Looks like the JAR was not correctly loaded. Did you install RayDP and pySpark through pip? If not, can you please share how you setup the environment?

andreapiso commented 2 years ago

Thanks for getting back so quickly!! Yes I install both with PIP.

My environment is a cluster where there is a pre-installed Spark on K8s setup. However Spark is 2.4 so instead I am using pip to install pyspark 3.2 and raydp nightly in my conda environment - and setting spark conf to a different folder so that I can use local spark instead.

These are the variables I am setting:

SPARK_HOME: pointing to .local/lib/python3.9/site-packages/pyspark/ which i installed with pip PYSPARK_DRIVER_PYTHON=python3 PYSPARK_PYTHON=python3 #to get these to point to the same python 3.9 where i installed pyspark and sparkDP SPARK_CONF_DIR=/home/ray_spark/conf/ #my custom spark conf where I have spark-defaults.conf and spark-env.sh where i can add all the hadoop environment variables and kerberos authentication settings.

The connection to hive works perfectly, and I can extract the data. Issue happens when i try to convert to Ray dataset.

Do these JARs need to be loaded manually? (if so, which JARs should i load?) I try to print the CLASSPATH in the notebook after seeing the error and i see it's empty (not sure if the spark process sees something different...)

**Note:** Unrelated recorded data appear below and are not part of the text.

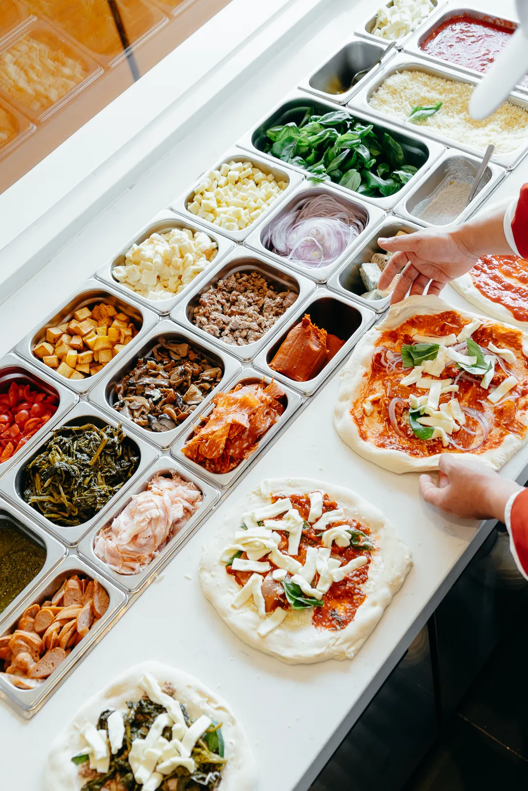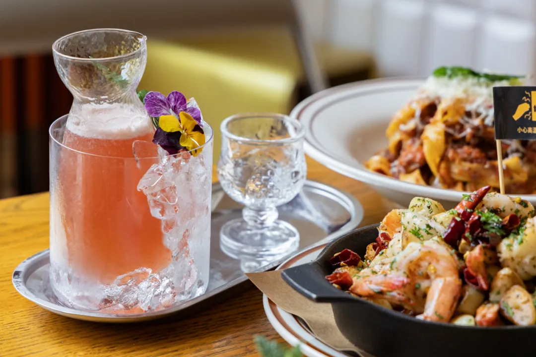 半开放式厨房看得见披萨现点现做,搭配意面、小食和酒饮,随手一拍都是氛围感大餐。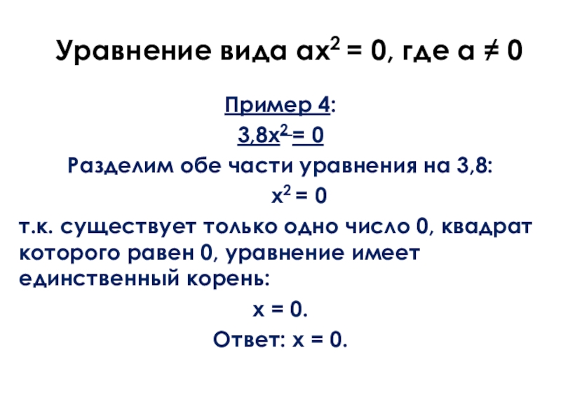 Слайд 21 Уравнение вида ax2 = 0, где а ≠ 0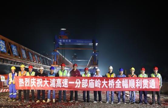 10月27日,广西大塘至浦北高速公路控制性工程——庙岭大桥全幅顺利贯通,标志着项目工程建设取得突破性进展,为今年年底大浦高速如期建成通车奠定基础。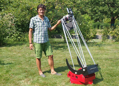 Hier noch einmal das fertig aufgebaute Teleskop mit Größenvergleich. |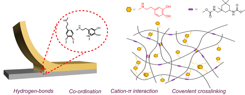 针对这一问题,凯发k8官网化学化工学院张秋红副教授、贾叙东教授课题组将带有二羟基的多巴胺基团引入到以聚四氢呋喃醚基聚氨酯体系中,利用体系内的动态氢键和多巴胺间相互作用,制备了一种新型的"粘"弹体(断裂形变5100%,断裂强度1.9MPa,粘附强度62kPa)。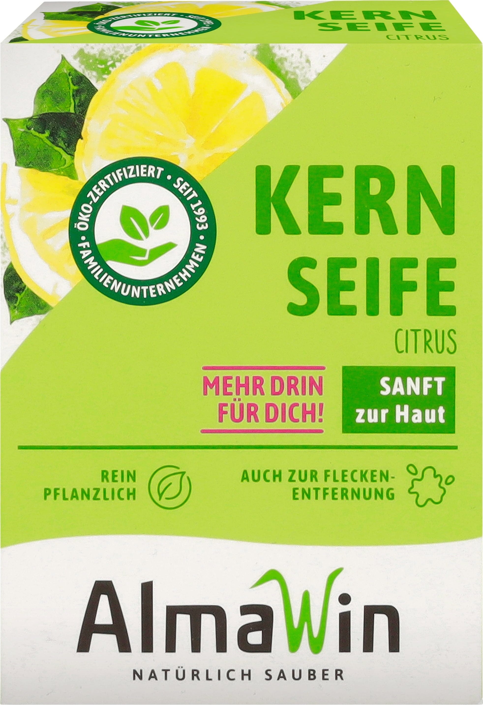 Die Kernseife von Almawin überzeugt durch beste Qualität in Sachen Umweltschonung, Dermatologie und Leistungsstärke. Das Produkt ist hautschonend und wurde dermatologisch getestet. Die Basis der Rezeptur besteht aus ausgewählten pflanzlichen und mineralischen Rohstoffen - meist aus kontrolliert biologischem Anbau. Man kann die Kernseife für die normale Körperpflege oder zur Fleckenbehandlung verwenden.
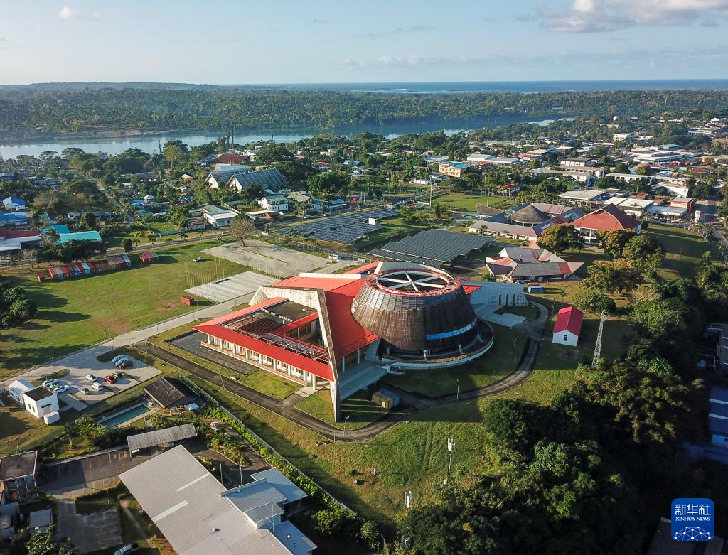 这是6月29日在瓦努阿图首都维拉港拍摄的瓦努阿图国家会议中心(无人机照片)。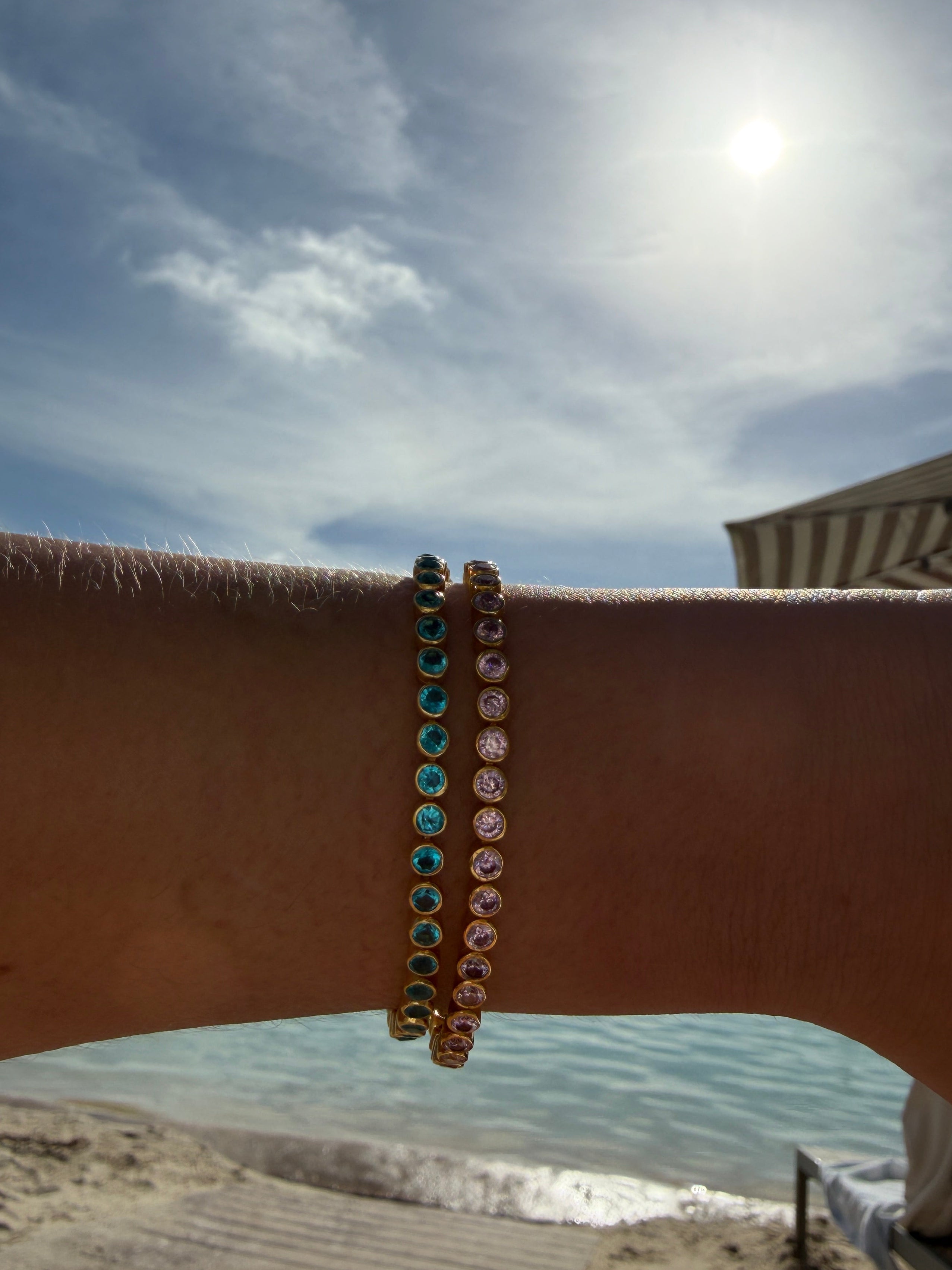 Available in white, pink, green, blue, and yellow stones, this piece is perfect on its own or stacked with each other.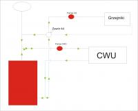 2. Witam! Od pewnego czasu czytuję forum, ale nie znalazłem informacji dotyczących moich problemów. Moja instalacja składa sie z kotła Stalmark 25 KW, zawór 4d ESBE 1,5", dwie pompy: Grundfos alpha pro 25-60 do CO i grundfos UPS 25-40 do CWU. Problem pierwszy to bulgotanie w kotle - po osiągnięciu zadanej temperatury ( w tej chwili 62 st.C) w kotle słychać odgłosy "bulgotania" i zaraz potem słychać powietrze przechodzące przez pompy. Drugi problem to niewłaściwy obieg wody: jeżeli zawór 4d jest ustawiony na mniej, niż ok 3/4 wody ciepłej, do zaworu płynie woda z powrotu CWU i część z niej idzie na grzejniki, a reszta wraca rurą "zasilającą" z kotła i wraca do obiegu CWU. Zamieszczam zdjęcia - może one pomogą zrozumieć to, co napisałem. Z góry dziękuję za pomoc Pozdrawiam

andreapiso commented 2 years ago

Hi - I tried to load the RayDP JAR manually in spark-defaults.conf:

spark.driver.extraClassPath=/home/.local/lib/python3.9/site-packages/raydp/jars/raydp-0.5.0-SNAPSHOT.jar
spark.executor.extraClassPath=/home/.local/lib/python3.9/site-packages/raydp/jars/raydp-0.5.0-SNAPSHOT.jar

Now the error is different:

Py4JError: org.apache.spark.sql.raydp.ObjectStoreWriter does not exist in the JVM

Is there a list of JARs that need to be included?

andreapiso commented 2 years ago

Looks like we solved the problem! Apparently the issue was that i was calling once SparkContext() before setting up the SparkDP - apparently that messes things up.

kira-lin commented 2 years ago

Glad you solved it! Do you mean you create a SparkContext before using raydp to create it?

andreapiso commented 2 years ago

yes - if you somehow write:

from pyspark import SparkContext

SparkContext()

import ray
import raydp

ray.init()
spark = raydp.init_spark(...)

things work when you stay in the spark world but will break when you try to interact with Ray.

PS: I had no reason to use spark context - i was just using it to make sure spark was running properly (e.g. my local spark instead of the kubernetes one in the cluster).